Below are the records; give again exactly the lines from the one containing "Fig. 2: Savoldo, Mary" through the one containing "Four common types of hot-wire probes", leaving out pictures.

++++++++++++++++++++

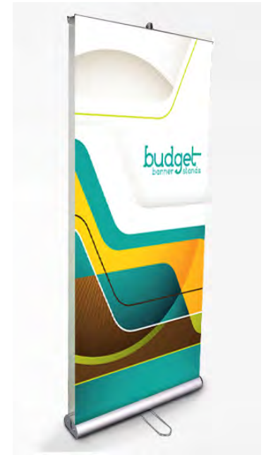
33.5" W Dual Bannerstand BNR-BUD2-850HG
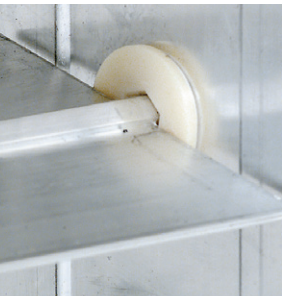
Parallel blade with extruded lip for low leakage.
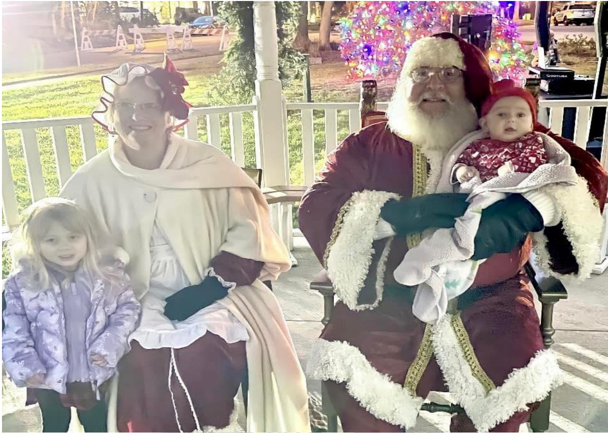
Santa and Mrs. Claus visiting with children
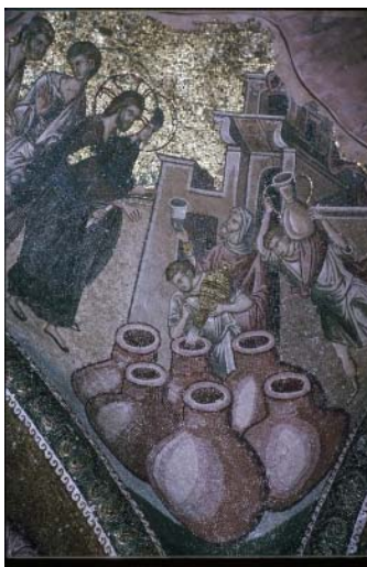
2. the Seven Miraculous Signs in John
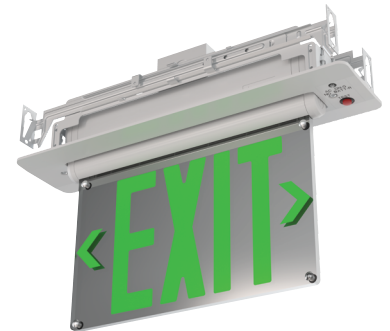
Universal Mount (UM)
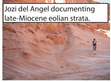
Jozi del Angel documenting late-Miocene eolian strata.

STRATIGRAPHY: Stratigraphic column of Miocene-Pliocene strata, showing representative photographs, major lithofacies boundaries, and magnetostratigraphic ages (in boxes at right) of major contacts.
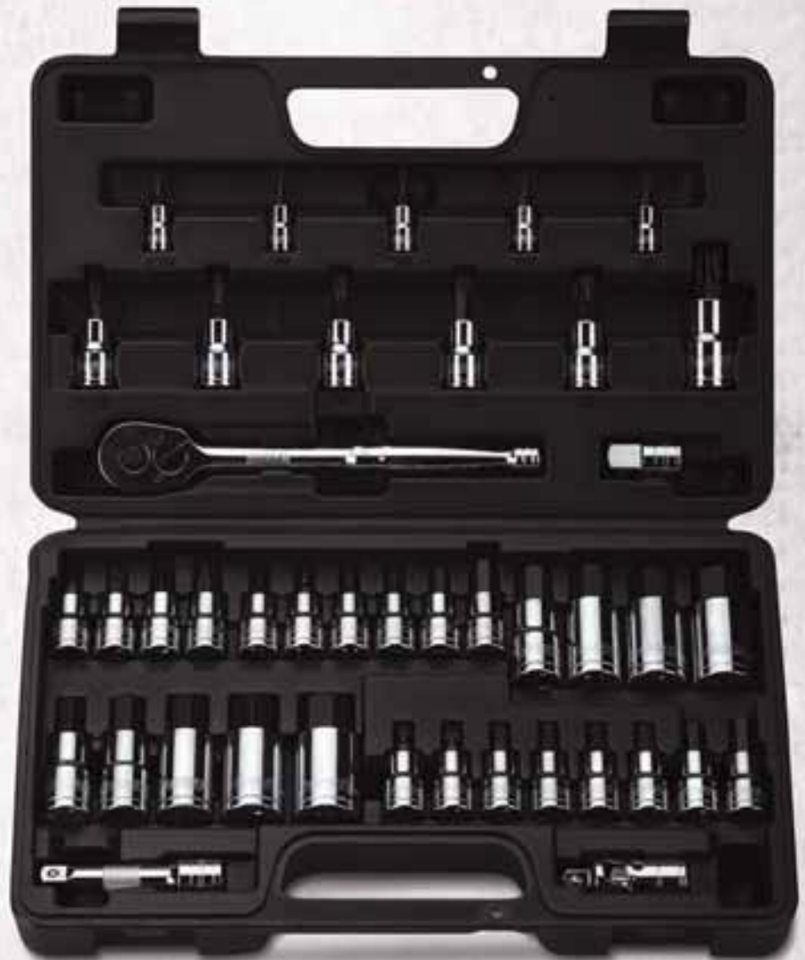
Part No. SC18001
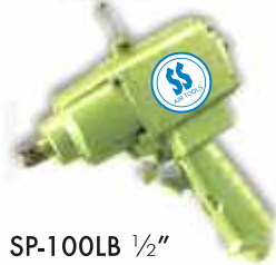
SP-100LB 1/2" Side exhaust
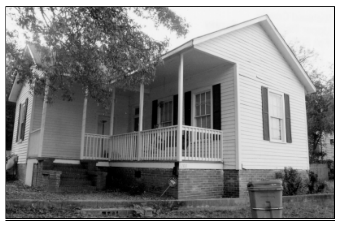
Plate 5: (above) One-story, L-shaped house

Plate 6: (below) Two-story, six-room house with saltbox shed
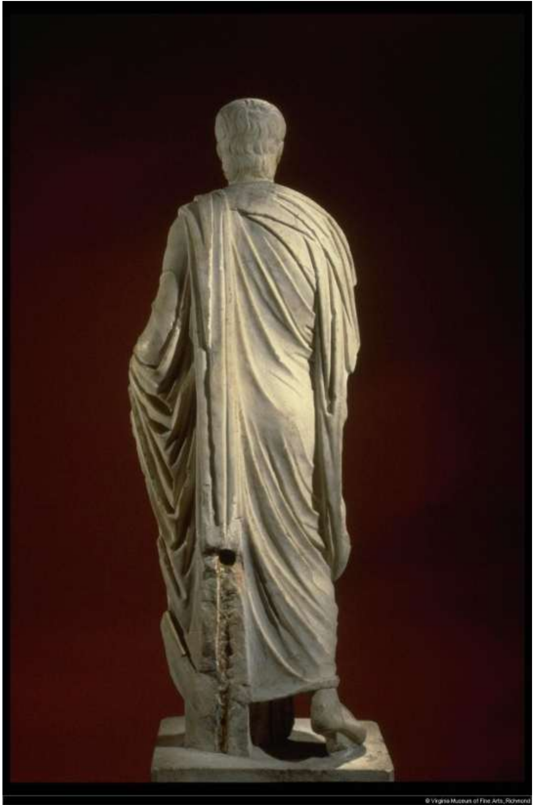
Figure 7. The Richmond Caligula.
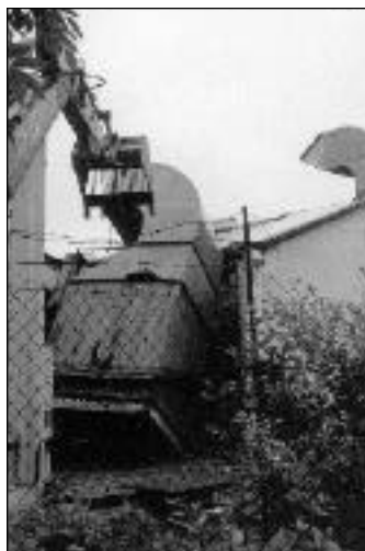
Demolition at Philips site. Taken from Silverwood Close, this picture shows the close proximity to neighbouring streets.

There are many other planning issues and not enough room here. For more information or to join the working party contact Glenys Malyon on 570157.
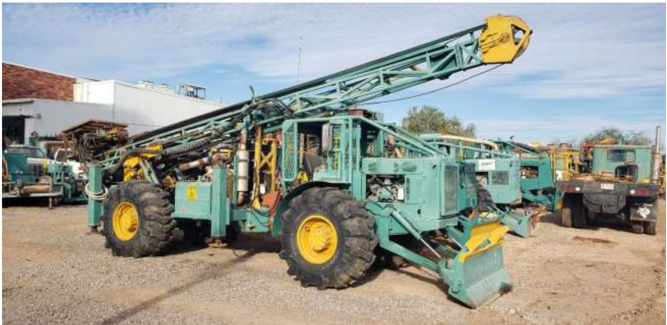
This drill rig will be used to drill DDH-3 and DDH-4
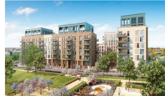
3 Chelsea Creek, London 1, 2 & 3 Bedroom Apartments Price from £850,000

A dynamic new development that is transforming the local neighbourhood, offering fantastic opportunities for anyone who wants to live in one of London's best-connected areas; Acton (Zone 3). Residents at Acton Gardens will be able to enjoy homes that have been built around newly designed communal gardens, parks and beautifully landscaped surroundings
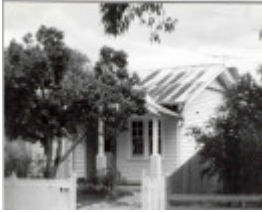
27017 Mitchell Street No 22 Photo
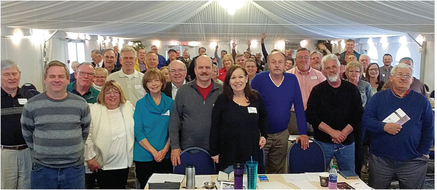
Good times and refreshing teaching in Atlanta.
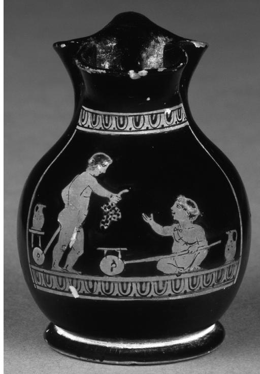
Figure 18.10 Attic red-figure chous, 420–410 BCE. London, The British Museum E 536; © and courtesy of the Trustees of the British Museum.

non-kin members who shared responsibility, guilt, and anxieties, and helped “cushion” the loss of the child. The divinization of nursing ( kourotrophic ) practices witnesses the importance of the task (Figure 18.9) (Dasen (1997)). Did not Demeter herself transform into the nurse of the baby Demophon when she arrived in Eleusis? ( Homeric Hymn to Demeter 219–74; Pirenne-Delforge (2010); but cf. Bonfante (1997) on the disquieting connotation of nursing mothers exposing their breasts in classical art).
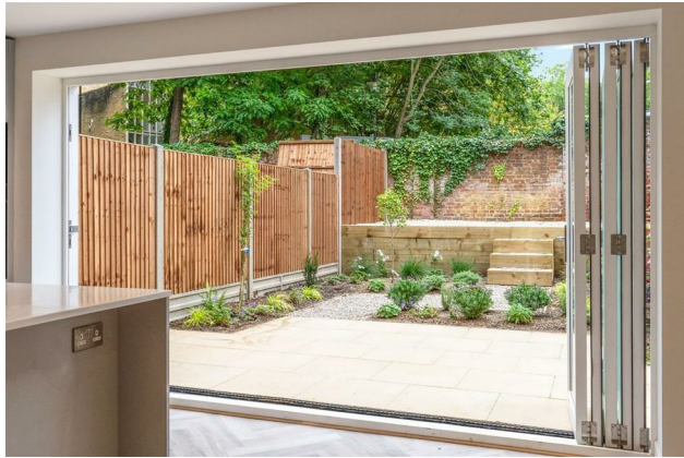
Living in Hertford
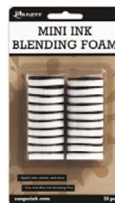
Ranger MINI ROUND FOAM REFILLS IBT40972
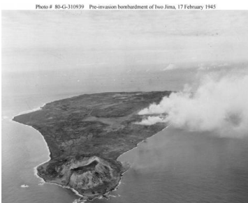
Photo # 80-G-310939 Pre-invasion bombardment of Iwo Jima, 17 February 1945

http://www.awesomestories.com/asset/view/Photograph-of-Iwo-Jima-Cemetery
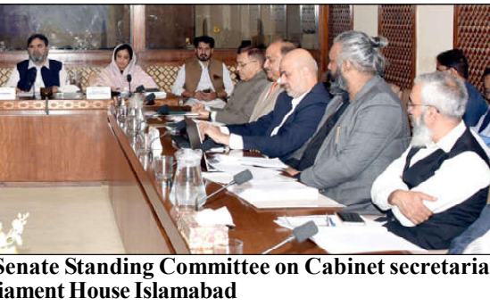
Senator Rana Mahmood ul Hassan, Chairman Senate Standing Committee on Cabinet secretariat presiding over a meeting of the Committee at Parliament House Islamabad

been widely appreciated, he added. During the occasion, CTO Muhammad Sarfraz Virk praised the unwavering efforts of the Islamabad Traffic Police, highlighting that the officers worked tirelessly around the clock to manage traffic effectively. The CTO emphasized the critical role they played in ensuring smooth traffic flow during such a significant international event. CTO Virk also acknowledged the patience and understanding shown by the citizens of Islamabad and Rawalpindi during the Summit, describing their cooperation as praiseworthy. Muhammad Sarfraz Virk thanked the residents of the federal capital for their full support, which was instrumental in the successful execution of traffic arrangements.
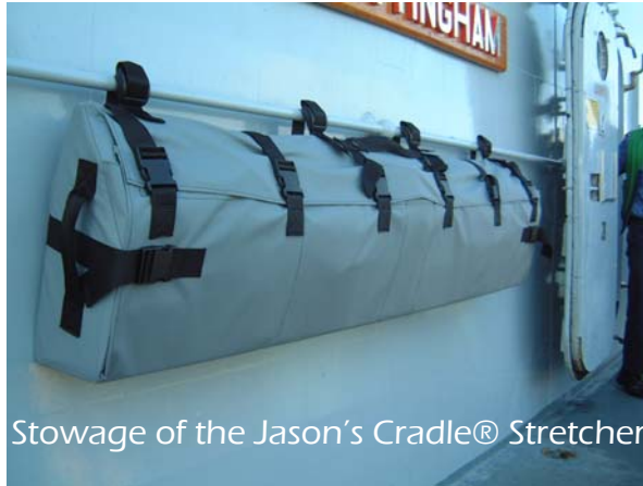
Stowage of the Jason's Cradle® Stretcher
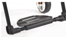
XES050059 Footboard platform, Performance
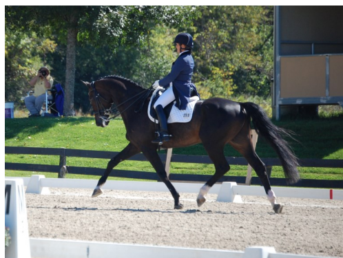
Photo taken at NEDA Fall Festival 2013 Prix St George
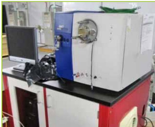
MICROMASS PLATFORM-LCZ MASS SPECTROMETER, R - (IONIZATION CHAMBER MISSING). WITH EDWARDS #28 VACUUM PUMP. SWITCH IBM TOWER COMPUTER SYSTEM
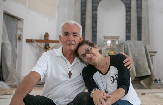
A parish partner helped Our Lady of the Rosary Chapel in Puerto Rico rebuild after Hurricane Maria.
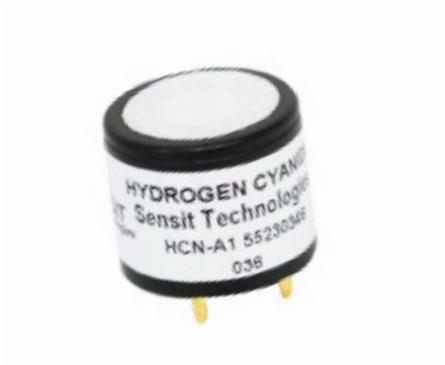
Sensor HCN (Hydrogen Cyanide)*
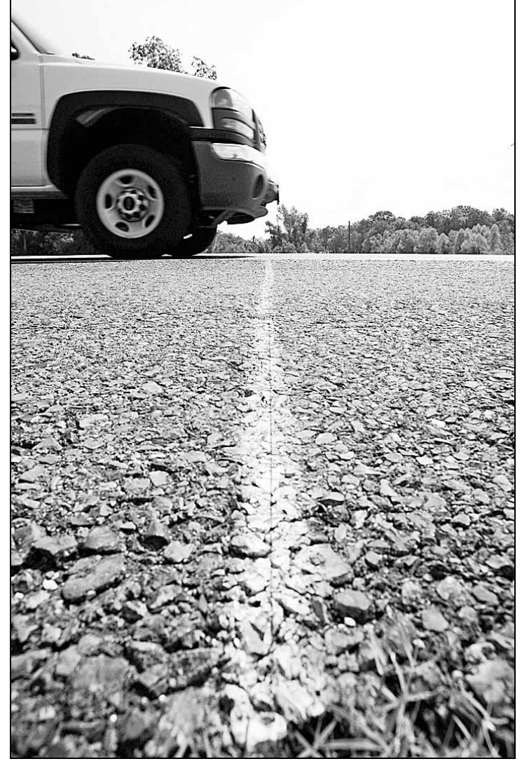
DESIGNATOR: A painted line shows where a petroleum pipeline crosses through East Baton Rouge Parish in Louisiana.

Where orange and yellow lilies once grew, all that's left is a grass-covered hump. Beneath it, a ridge of cement covers the
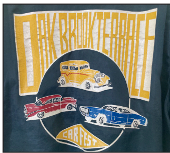
Below: The shows featured Elvis Impersonators, Magic Shows and Hula Hoop Competitions.
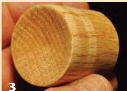
3 The tailstock-end cup center is ready for use. Not shown is the hole drilled in the other end.
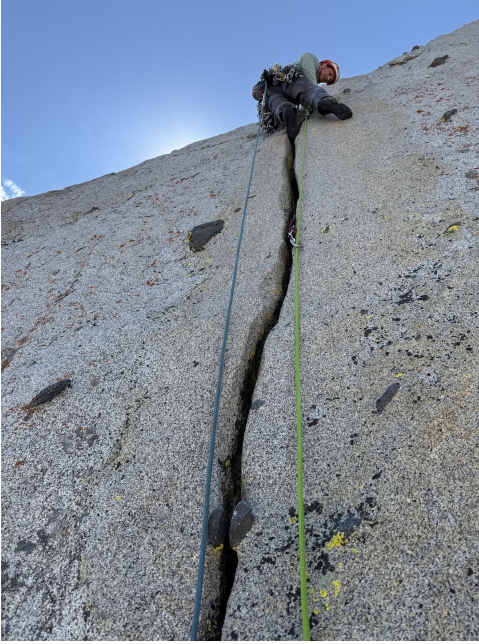
Derek Field swims up the 5.10a splitter (5.10a) on pitch three of Giselle's Big Advencha.
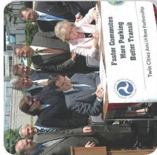
Figure 12-2: The UPA is one example of congestion management.

This Policy Plan sets a new direction and vision for the expenditure of funds on the Metropolitan Highway System emphasizing ATM applications, lower-cost / high-benefit projects and the implementation of managed lanes system-wide. It emphasizes that investments on the non-freeway trunk highway system sought by local entities should also be consistent with the policy direction of this plan. However, the Regional Solicitation for highway projects to date has to a large degree emphasized funding for expansion. This policy direction should be revisited to ensure that, in accordance with this plan and federal policy, adequate preservation investments are being made on the federally eligible highway system. The Transit chapter also emphasizes system preservation as the top priority, with additional revenue (when available) used to expand the bus system and grow the system of bus and rail
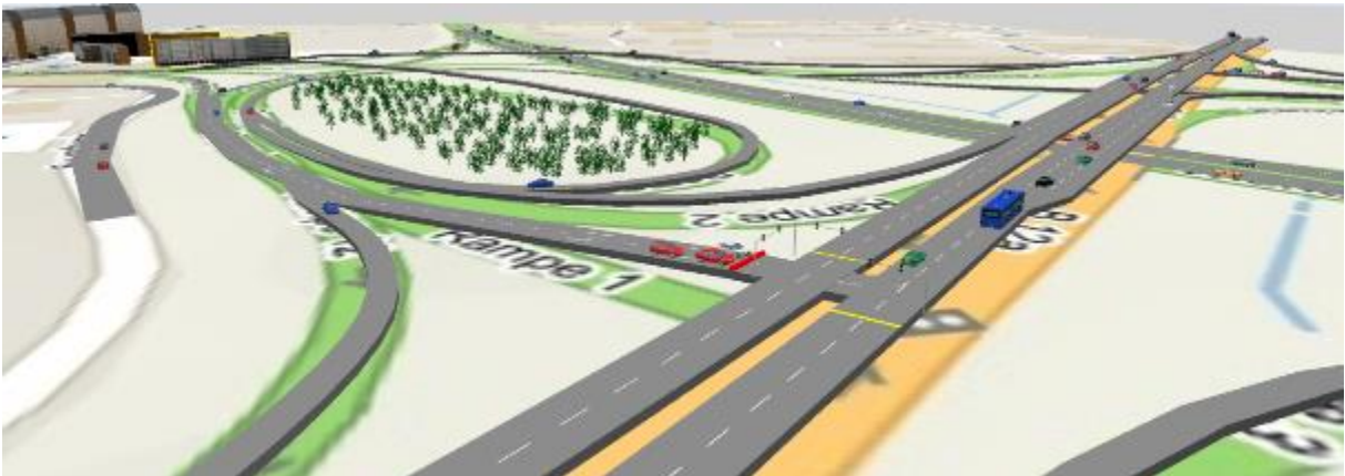
Fig. 7 – Detail of traffic lights.
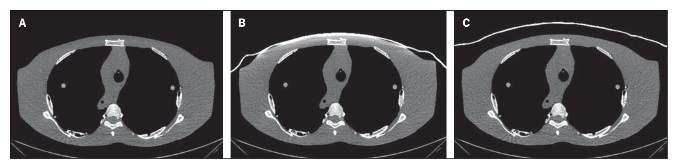
Figure 2. Comparison between axial sections on a single region. A: Reference image without the shielding. B: Image of the shielding placed directly on the phantom. C: Image with the shielding and use of a spacer.
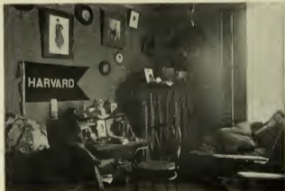
A STUDENT'S ROOM

WITHIN Draper Hall the pleasant drawing-room for the reception of friends opens with other public rooms into a large space for teas or for evening gatherings. The life of the girls in their rooms can only be understood by those who themselves have had such happy school days. Cor-
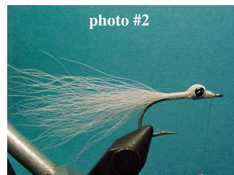
Photo # 2 Tie in a slender pinch of white buck tail fur in front of the weighted eyes. Carry the tying thread through the lead eyes and bind the bucktail down directly behind the eyes to about half way down the hook shank. Wrap the thread back forward to the front of the eyes. Keep the white buck tail fur on top of the hook shank. Do not allow the hair to wrap around the hook shank.

Photo # 1 Secure a solid base of thread on the first 1/2 of the hook shank near the eye. Measure back about 1/4" from the hook eye and use a figure 8 wrap to tie in the weighted eyes on the top of the hook shank. This will allow the weighted eyes to flip the hook over in the water with the point upward. You can apply head cement or glue if needed to keep the eyes solid to the hook.
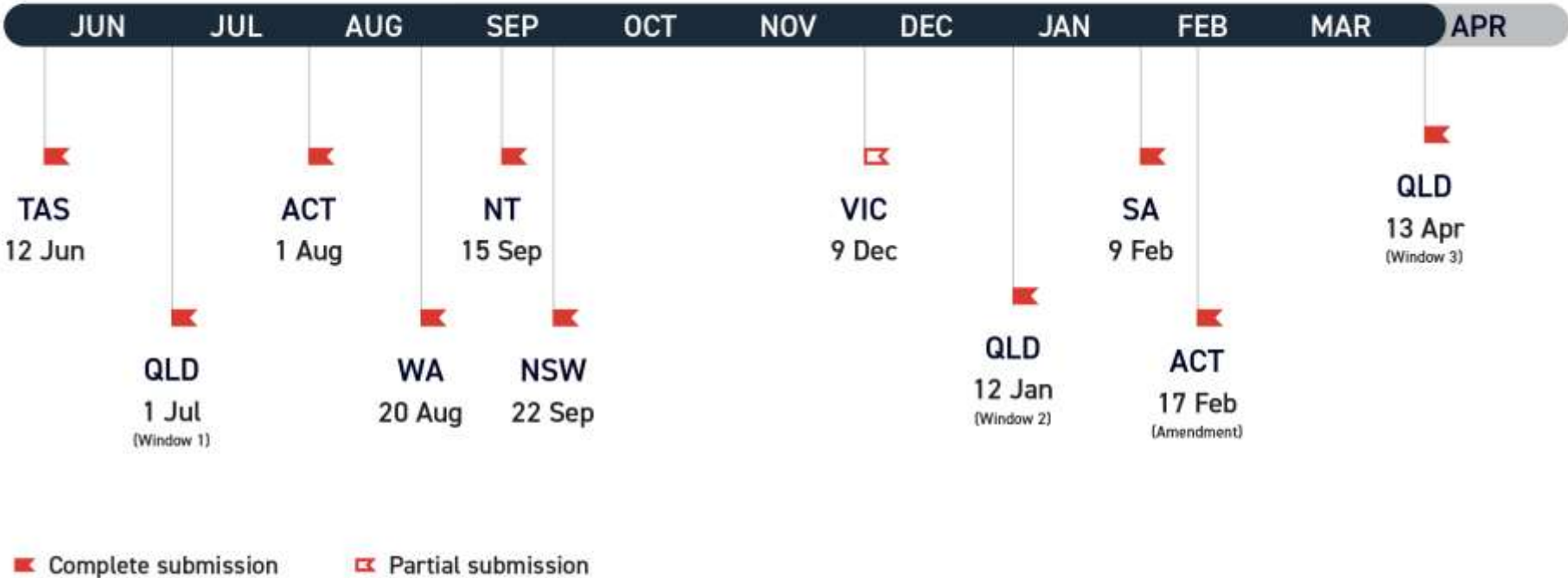
2025-26 Service Agreement Provision Timeline
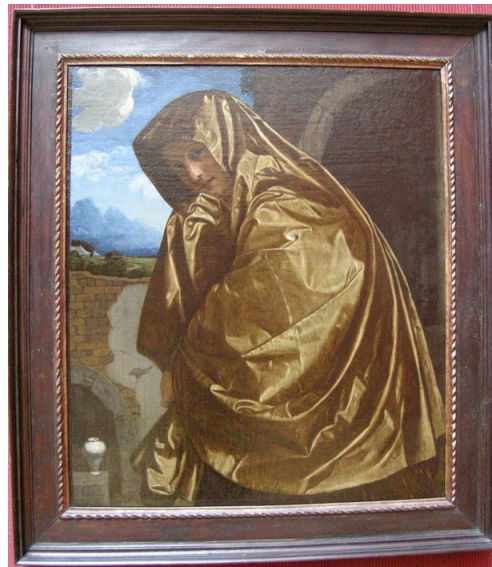
Fig. 2: Savoldo, Mary Magdalene , ca. 1527-ca.1540, The J. Paul Getty Museum, Los Angeles, image via Wikicommons
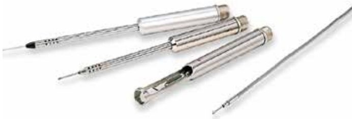
Four common types of hot-wire probes

The second type of probe we developed was similar, but had the capability to detect airflow in a 360° circle around the probe. Physically this probe resembles a needle attached to a metal rod, and is in fact often called a needle-type probe. With a round needle-shape sensor it's no longer necessary to keep the probe perpendicular to the direction of the airflow,
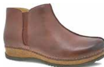
Brown Waxy Milled 9607-785300 (36-42)
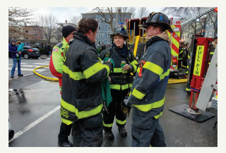
Cambridge firefighters rest after responding to an incident.

COVID-19 Testing & Vaccination Efforts. In FY21 and FY22, Cambridge Fire Department, in collaboration with Cambridge Public Health and Cambridge Police departments conducted citywide COVID-19 testing, and in January 2021 began providing COVID-19 vaccinations, following state and federal guidance. (See COVID-19 section)
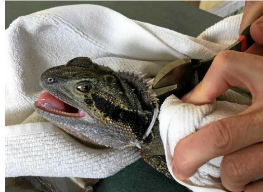
This water dragon got his head stuck in a plastic ring of a discarded bottle and would have slowly starved to death if it had not been rescued.

++++++++++++++++++++

Response to the task:
Fig. 2: Savoldo, Mary Magdalene , ca. 1527-ca.1540, The J. Paul Getty Museum, Los Angeles, image via Wikicommons
Four common types of hot-wire probes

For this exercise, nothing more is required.